Japan Geoscience Union Meeting 2018

Presentation information

[EJ] Oral

S (Solid Earth Sciences) » S-MP Mineralogy & Petrology

[S-MP37] Deformed rocks, Metamorphic rocks and Tectonics

Mon. May 21, 2018 9:00 AM - 10:30 AM A04 (Tokyo Bay Makuhari Hall)

convener:Yoshihiro Nakamura(Geological Survey of Japan, National Institute of Advanced Industrial Science and Technology), Yumiko Harigane(Geological Survey of Japan, National Institute of Advanced Industrial Science and Technology (AIST)), Chairperson:Nakamura Yoshihiro(産総研), Taguchi Tomoki(京都大学 大学院理学研究科)

9:30 AM - 9:45 AM

[SMP37-02] Metamorphic overprint of the Kamuikotan metamorphic rocks around Asahikawa City, central Hokkaido, Japan: Implications for fluid infiltration in subduction zone during exhumation

*Wonji Shin1, Toru Takeshita1 (1.Graduate School of Science, Hokkaido University)
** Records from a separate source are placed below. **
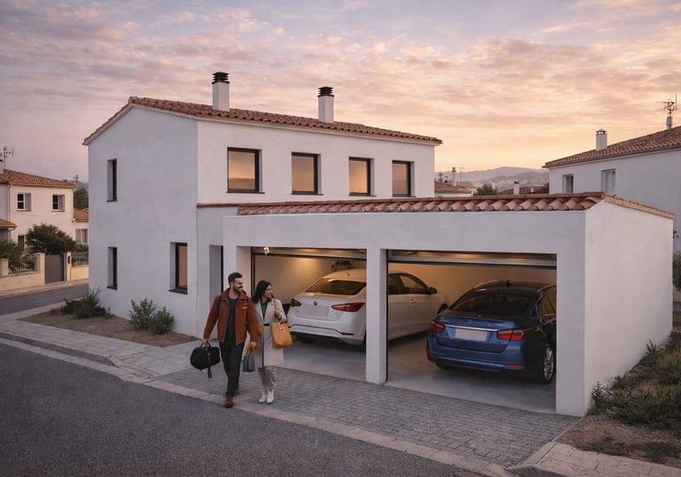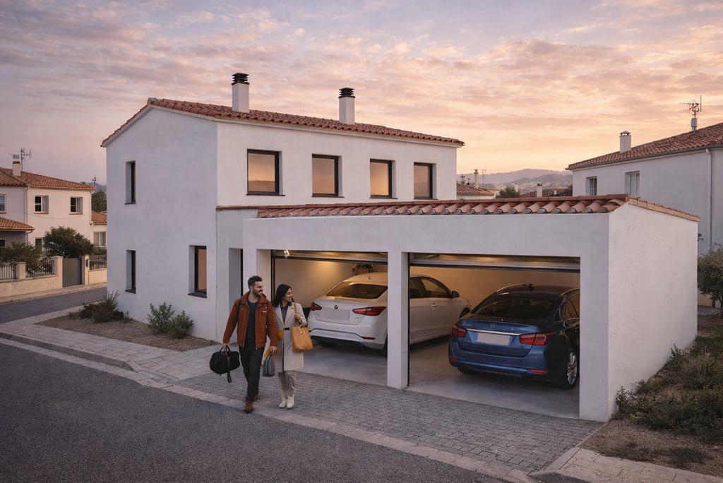 Esta versión incluye un garaje doble adosado y cerrado de una casa situada en entorno urbano.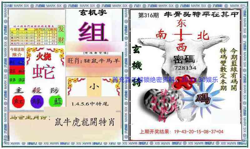 316期:九肖【龙蛇猴狗猪鸡牛鼠】开:马24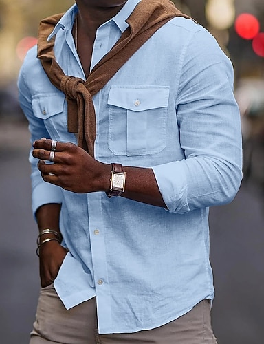 Férfi Ing Vászon ing Nyári póló Stranding Kihúzott ingek Sima Hétköznapi Napi Medence Fekete Fehér Arcpír rózsaszín Hosszú ujj Hajtóka Tavaszi nyár Ruházat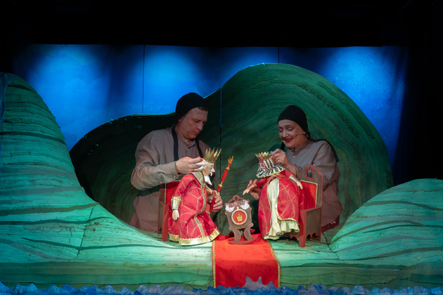 Мир спектакля — это пригорок, ручеек, лесок… Населяют его персонажи сказки: Царь, Царевна, Царица, Женихи и сам Суженый. Все это – планшетные куклы. Артисты явно управляют ими и время от времени дают им советы. В спектакле есть и тростевые, и перчаточные куклы, есть даже одна кукла, природу которой затруднился определить сам мастер-технолог!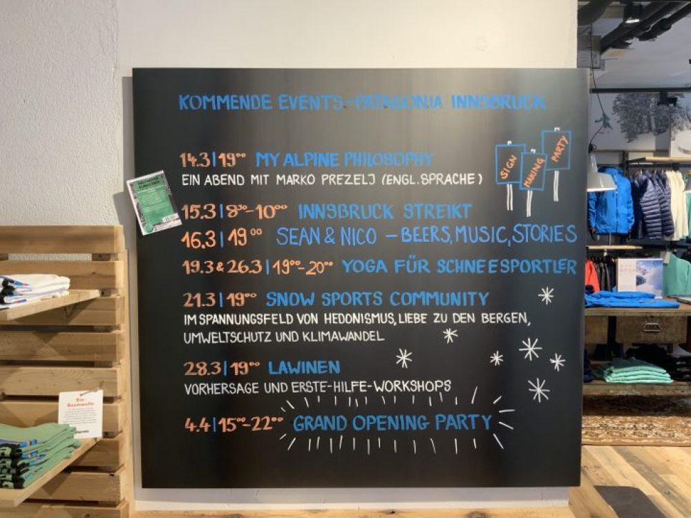 By opening a store in Innsbruck, Patagonia acknowledges its importance as an outdoor hotspot. The store has a space dedicated to events, film screenings and public talks. In the future it will become clearer which grassroots organizations it’s going to support. On the website I only find one grantee in Tirol so far, but I’m sure this number will grow once the store is up and running.

Keywords:Kamuikotan metamorphic rocks, metamorphic overprint, fluid infiltration, Raman spectroscopy

Regional metamorphic fluid flow is associated with both prograde and retrograde metamorphisms of high-pressure and low-temperature metamorphic rocks in subduction zone where is a field of widespread fluid cycling. The Kamuikotan metamorphic rocks distributed in northern Japan are typical subduction-related high-P/T metamorphic rocks in the world. The Kamuikotan metamorphic rocks around Asahikawa City have evidence implying thermal overprint which might have been caused by fluid infiltration. These metamorphic rocks show relatively high geothermal gradient (Sakakibara and Ota, 1994), spatially heterogeneous distribution of K-Ar ages (Iwasaki et al., 1995; Ota et al., 1993; Ota, 1999) and overgrowth of alkali amphibole by actinolite in metabasites (Gouchi, 1983). Furthermore, pervasive development of quartz veins and locally preserved high-P/T mineral assemblages indicate heterogenous fluid migration controlled by structural components (Breeding and Ague, 2002). Therefore, this study reexamined the tectonics of the Kamuikotan metamorphic rocks in respect of metamorphic overprint by fluid migration during exhumation .
The Kamuikotan metamorphic rocks in the studied area can be divided into three distinct metamorphic zones from north to south based on metamorphic minerals from basic rocks. Zone I is characterized by the presence of lawsonite and alkali amphibole (Gouchi, 1983; Ota, 1997). Zone III is characterized by the presence of epidote, actinolite and chlorite. Zone II is characterized by compound assemblages of Zone I and Zone III. The metamorphic temperature applying the Raman carbonaceous material geothermometer (Kouketsu et al., 2014) is approximately 313, 308, 302, 294℃ from Zone II and 351, 325℃ from Zone III. At least two stages of metamorphism are discriminated based on textural features and chemical compositions of alkali amphiboles and associated minerals from Zone II. The first stage is identified by alkali amphiboles grown on pressure shadow and pull-apart region of relict pyroxene and rimmed by actinolite and chlorite. These alkali amphiboles are optically and chemically homogeneous, and range in chemical composition from crossite to glaucophane. The second stage is characterized by the occurrence of pumpellyite, chlorite and titanite. Amphiboles coexisting with these minerals are actinolite and magnesioriebeckite. These mineral assemblages and chemical compositions of sodic amphiboles suggest that basic rocks of Zone II primarily had been metamorphosed under relatively high-P/T condition and were subsequently converted to assemblages of the late stage corresponding to the pumpellyite-actinolite facies. Occurrence of metamorphic minerals from three points of a pelitic rock of Zone III shows a series of changes according to the distance from the serpentinite which had intruded along faults. The pelitic rock directly adjacent from the serpentinite is characterized by the presence of biotite while two pelitic rocks contain phengite. It is inferred that the Kamuikotan metamorphic rocks experienced blueschist-facies metamorphism at maximum depth of subduction stage and partially underwent greenschist-facies metamorphic overprint during exhumation stage and this metamorphic overprint was caused by fluid migration along structural components.